Saturday, March 28, 2020

Aprons for the Clothesline Installation

(Above:  The Clothesline, an installation in progress.  Vintage household linens and aprons with found fabric hand prints fused and zigzag stitched to both sides.  Click on any image to enlarge.)

It is hard to fathom that on this absolutely beautiful spring day the world is in crisis ... but it is.  Tonight at midnight, Columbia, South Carolina goes under a total shut down of non-essential businesses ... which means Mouse House, my home-based business, is shutting the doors for at least two weeks.  We aren't supposed to go out except for groceries, food and beverage curbside pick-up orders, trips to the drug store, and for real emergencies.  No longer are we to gather in groups of just three even while maintaining social distancing of six feet from one another.

(The Clothesline, full of aprons donated by local mother and daughter friends Yolanda and Sandra Wardlaw.  THANKS so much!)

For the past two or so weeks, Mouse House has been open ... because it's been years since more than three people ever came at the same time!  Steve has been disinfecting the doorknob and the sales counter ... but that is going to cease.  We will be closed ... non-essential.  At first, I was mildly depressed.  All my upcoming art opportunities were canceled or postponed (mostly "indefinitely").  Now, however, I'm experiencing this unique period in time as if an unintentional art residency in my own home!  Productivity, creative ideas, and a sense of time "standing momentarily still" are replacing my normal schedule. 


Serendipity is also at an all time high.  Just after finishing the last pieces for my Clothesline Installation, I got a message from mother and daughter local friends Yolanda and Sandra Wardlaw.  They had a box of vintage linens to donate.  Inside was an amazing collection of vintage aprons, several yellow fabric placemats, and a few other items.  I adore aprons!  Aprons are subtle, visual reminders of PEOPLE.  These are exactly what my Clothesline Installation needed!


One of the donated embroidered table runners reminded me that I had similar pieces in my cedar chest.  Surprise, surprise!  I also found a dish towel I stitched in the early 1980s when teaching myself embroidery from the Reader's Digest Complete Guide to Needlework.  Why was I keeping it?  Because it was too "precious" to use?   How silly!  Especially since I've presented an entire TEDx talk called Precious: Making a Plan for Your Precious Possessions.  There was no hesitation.  A found fabric hand print was fused to the reverse.  Like all these hand prints, I zigzag stitched around the entire outline ... so that the edge of image is shown on the opposite side.  After all, a clothesline is seen from two sides, not just one. 


Each piece for The Clothesline Installation was carefully designed so that it would look good from both sides.  This is especially apparent on the sheer fabrics used for many of these aprons.


Today Steve and I took all the finished aprons and assorted linens outside for their photo-op.  Birds were singing ... loudly ... because the city traffic is so minimal as to not drown their melodies.  The dogwood trees are in full bloom.
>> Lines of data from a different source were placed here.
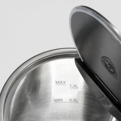 Er schaltet sich mit der Lift-Off Funktion automatisch ab, sobald man ihn während dem Kochvorgang abhebt. Der herausnehmbare Kalkfilter erleichtert das Reinigen. Der Deckel öffnet sich einfach auf Knopfdruck. Der Ein-Ausschalter ist mit einer blauen Kontrolllampe ausgestattet.
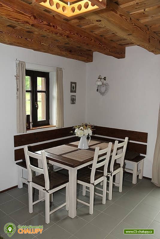 Chalupa s bazénem a saunou Zlaté Hory - Horní Údolí - Rejvíz. Chalupa na prosluněném pozemku v malebné vesničce Horní Údolí v Jeseníkách. Sedm kilometrů od pověstmi opředeného Rejvízu a stejnou vzdálenost od prvního obchodu v městečku Zlaté Hory. Chalupa poskytuje ubytování pro až 9 osob ve 3 ložnicích: pro 2, 3 a 4 osoby. V největší z nich lze před spaním sledovat i televizi. V ložnicích jsou úložné prostory pro vaše oblečení. Po dohodě vám klasické polštáře vyměníme za anatomicky tvarované a pro vaše nejmenší doplníme cestovní postýlku. Srdce chalupy - tak přesně tady, v srdci naší chalupy, se můžete všichni setkávat. Těšit se vůní připravovaného jídla a pití a společně vše ochutnávat u jídelního stolu, sledovat film v televizi, či uklidňující plamen v krbu, lenošit s knížkou v ruce, hrát hry, no prostě vše, co vám udělá radost. Koupelna v horním patře nabízí klasický standard pro hygienu. Příjemná vyhřívaná podlaha, prostorný sprchový kout a jako bonus nádherný výhled z okna na blízký les a třeba i pasoucí se ovečky. Vytápění v naší chalupě je výkonnou krbovou vložkou s výměníkem. Celé spodní patro je navíc vytápěné do podlahy. V podkroví jsou radiátory, které jsou také napojeny na krb. Pokud by jste si nechtěli topit sami v krbu, lze zapnout elektrokotel. U chalupy je venkovní posezení s krbem a dětské hřiště - trampolína, domeček s klouzačkou, houpačky, šipky, badminton, míče, líný tenis, dětské pískoviště se spoustou hraček, ale i houpací síť pro dva. Lenošárna: v příjemné a útulné místnosti můžete relaxovat nejenom po sauně. Relaxační lehátka nabídnou pohodlí i při poslechu hudby či čtení. Ale jsou samozřejmě nedělitelnou součástí saunování ve finské sauně pro 4 osoby. K dispozici je ochlazovací vědro ve velikém sprchovém koutě a východ přímo na terasu, na čerstvý vzduch. Stejně jako celé spodní patro chalupy, má i lenošárna vyhřívanou podlahu. Procházky lesem, výlety za zajímavostmi okolí, za kterými stojí za to se vracet i několikrát, cyklistické a běžecké tratě, ve kterých se najde každý, rodinné lyžařské vleky v blízkém okolí; veřejné wellness, dvě bowlingové dráhy, hřiště na tenis i fotbálek ve vedlejší vesničce Dolní Údolí. V blízkém i vzdálenějším okolí najdete řadu turisticky zajímavých míst. Například Zlatorudné mlýny s naučnou stezkou „Údolí ztracených štol“ (7 km), rozhlednu na Biskupské kupě (15 km), poutní místo Panny Marie Pomocné (12 km) či Rejvíz s naučnou stezkou k Mechovému jezírku (8 km).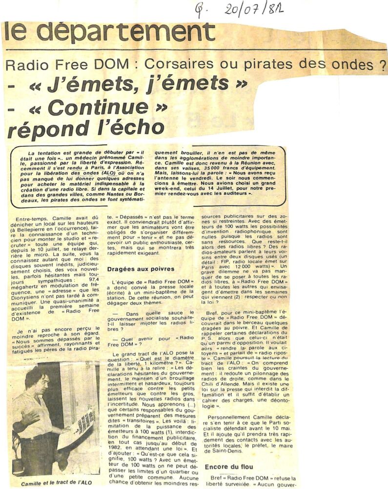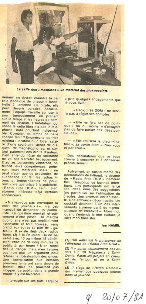 – La première photo du premier studio de Radio Free Dom dans une cave de Bellepierre est historique avec le célèbre émetteur italien de 100 W de marque « Itelco » posé sur la table, à coté de la table de mixage « POWER » dans son rack à la « verticale » et les 2 platines tourne-disques. On voit même le câble coaxial qui sort de l’émetteur pour aller sur le toit se brancher à l’antenne dipôle (une « Sherman ») : du jamais vu !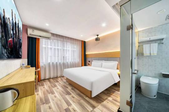 临时订的酒店,很合心意。房间干净整洁,地理位置优越近大学城。服务很有耐心,周边生活配套设施齐全。下次出差还会选择这里!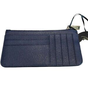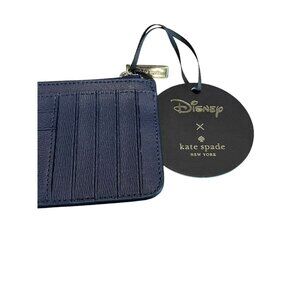 This Kate Spade card wallet features a stylish animal print pattern in shades of blue, with a zip-around closure and accents of a zipper and logo. It is designed for women who love designer accessories and features credit card slots for easy organization. The wallet is made of high-quality leather and is perfect for everyday use or special occasions. The size is large and slim, making it easy to carry in your purse or bag. The wallet is ideal for fans of the Lady & The Tramp character and is a must-have for any collector.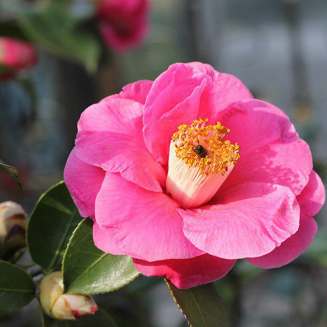 云南杂交种,美国北卡罗来纳州Chapel Hill.Dr Clifford R.Parks于1995年发表。C.reticulataXC.fraterna(毛花连蕊茶),单瓣,玫瑰粉,花瓣8枚,中型花(8X3厘米),黄 色花药,粉红花丝,刚开时具大型花蒂,深红花萼,尤如冷天里火红的蜡烛。树性直立,长势强,耐寒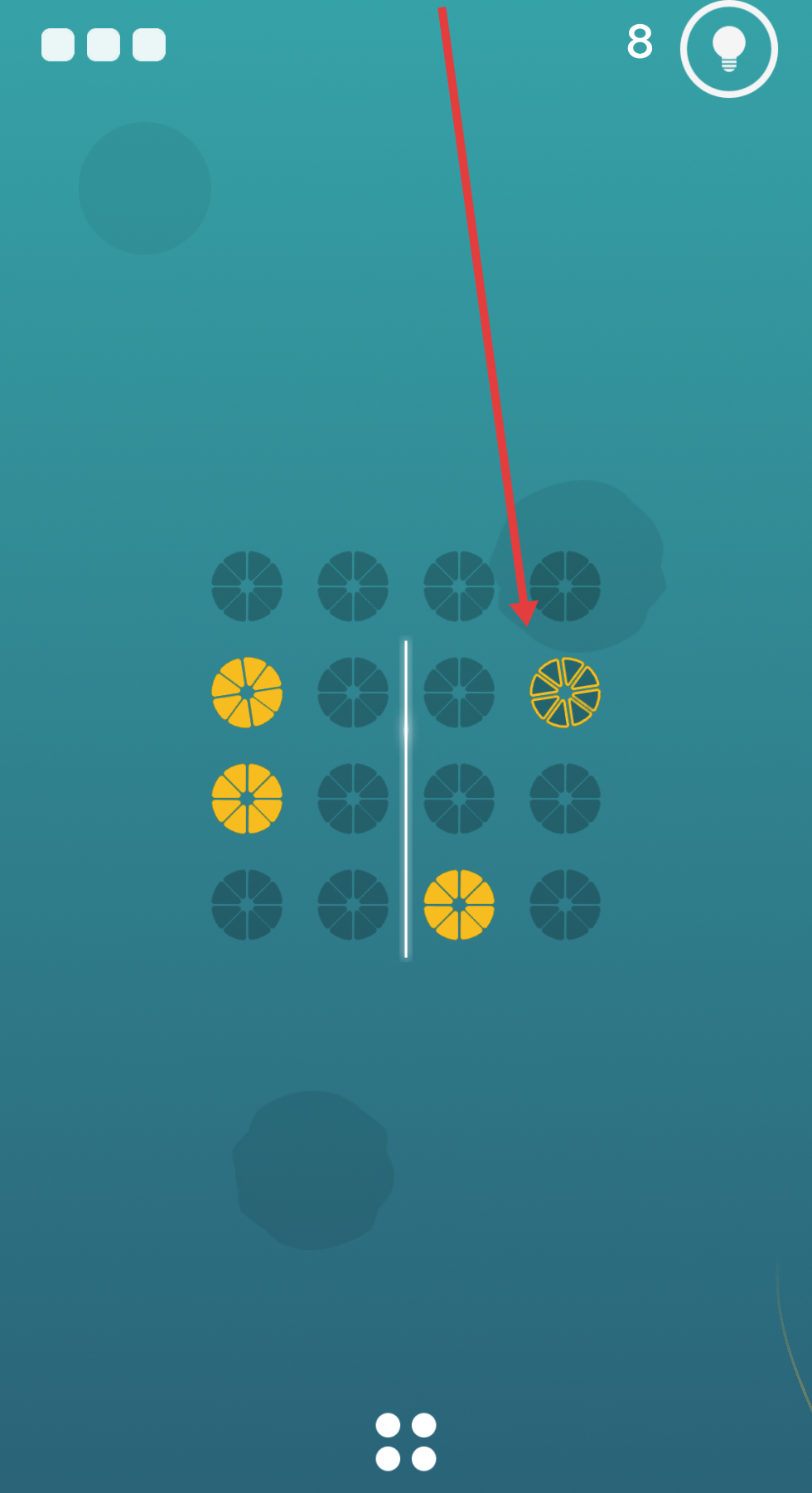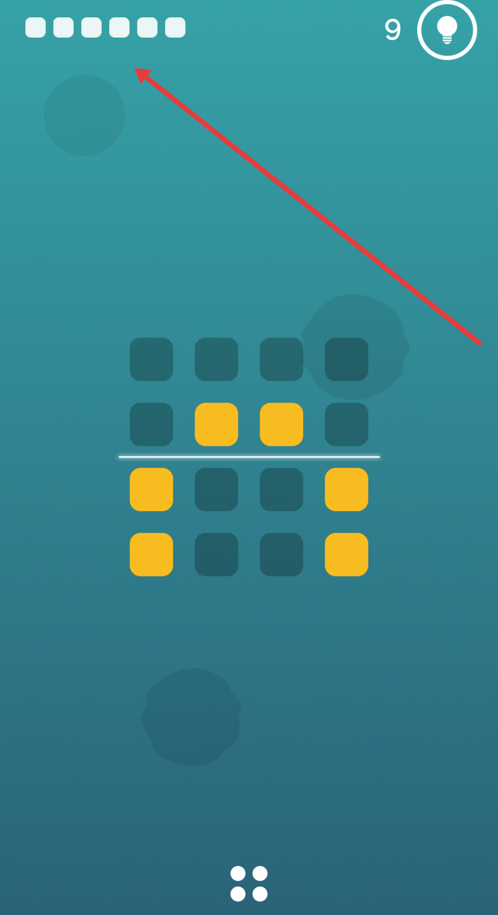 2、左上角有着几个白方格就说明当前关卡有着几个放置的次数,使用顶部全部白格。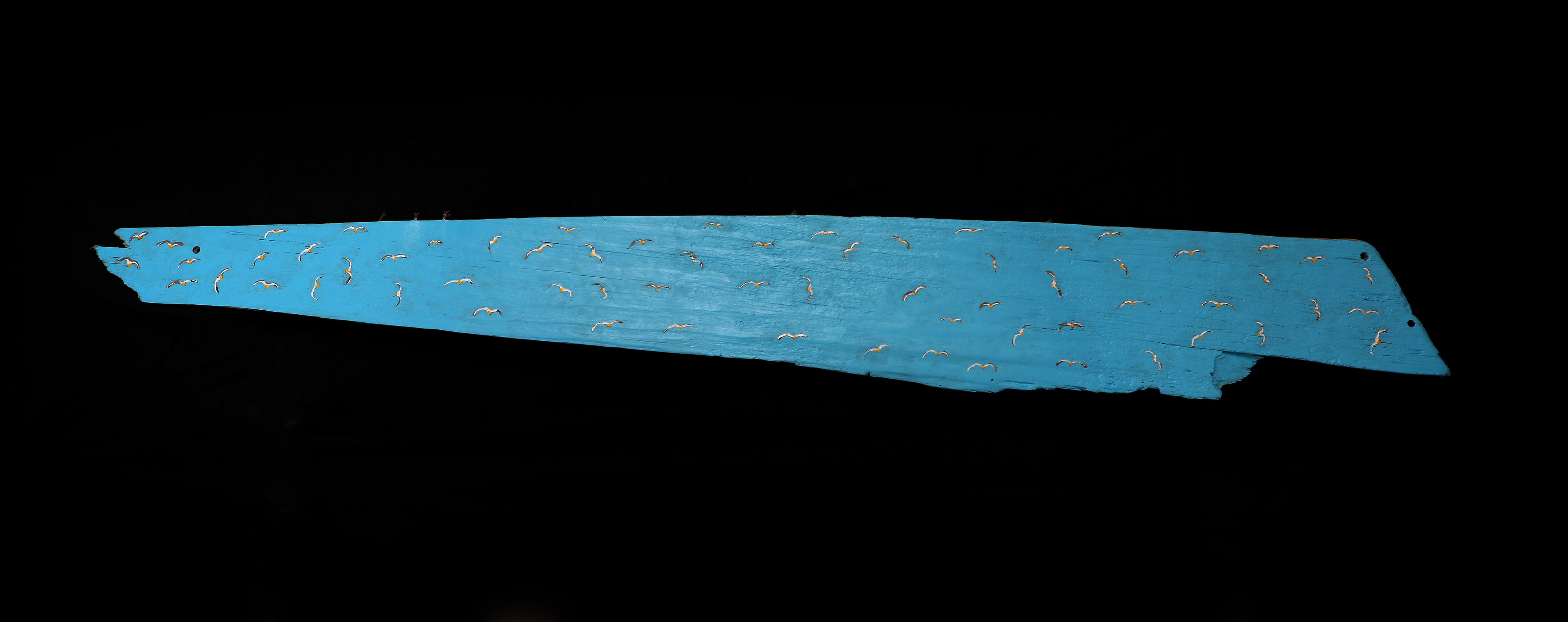 The only birds I saw on my entire tour in Vietnam were chickens and domesticated ducks. Fortunately, it seems, the indigenous bird population had the good sense to fly away. I painted this picture on part of a boat that washed ashore in Vineyard Haven because I need to be surrounded by my longtime feathered friends.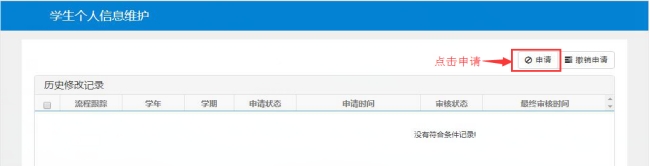 2. 进入学生信息维护界面之后点击“申请”按钮;
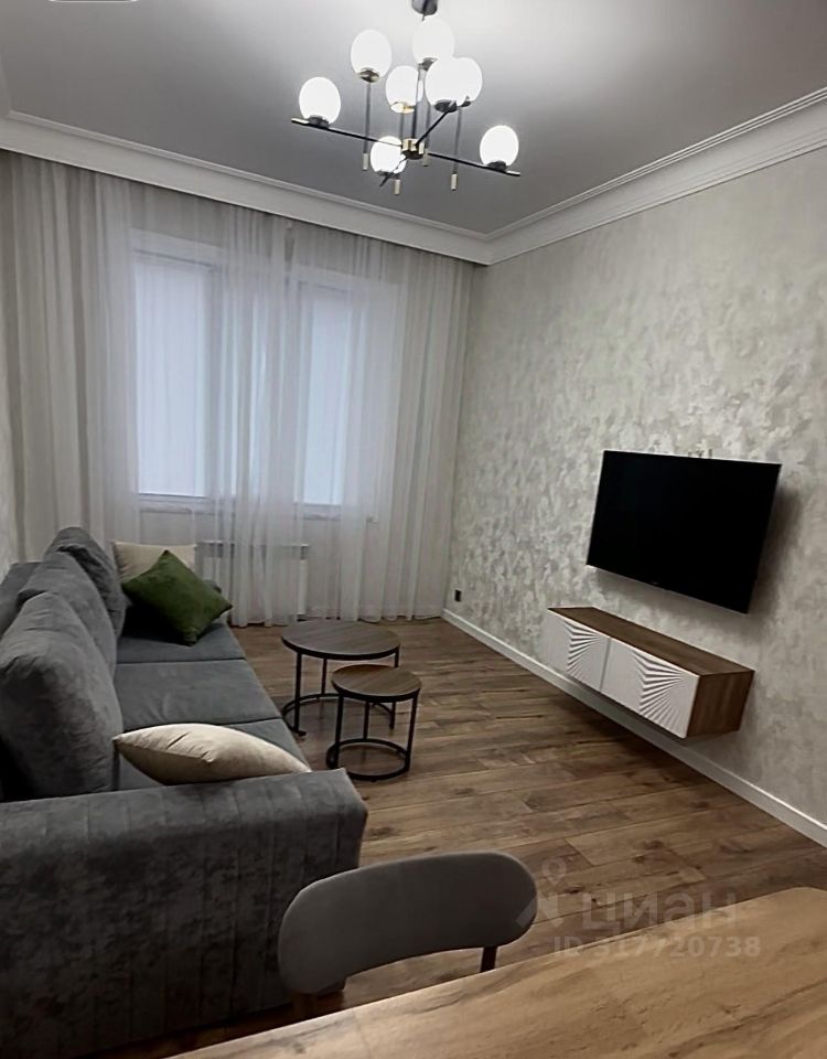 В гостиной есть раскладной диван ( который позволяет 2 спальных места) телевизор , тумба ,письменный стол .

Azalea adds lots of color.  Our yard looks wonderful.  Hopefully, this sense of slowing down, appreciating the natural surroundings, and doing things BY HAND will be repeated in the future when the Clothesline Installation gets an opportunity to hang someplace in public.  Until then ... I'm going back to my studio to stitch, stitch, stitch!


1 comment:

Catherine:theMaker said...

and your "hands" continue on...awesome work. What will Steve be doing when he's not pegging fabric on the clothesline?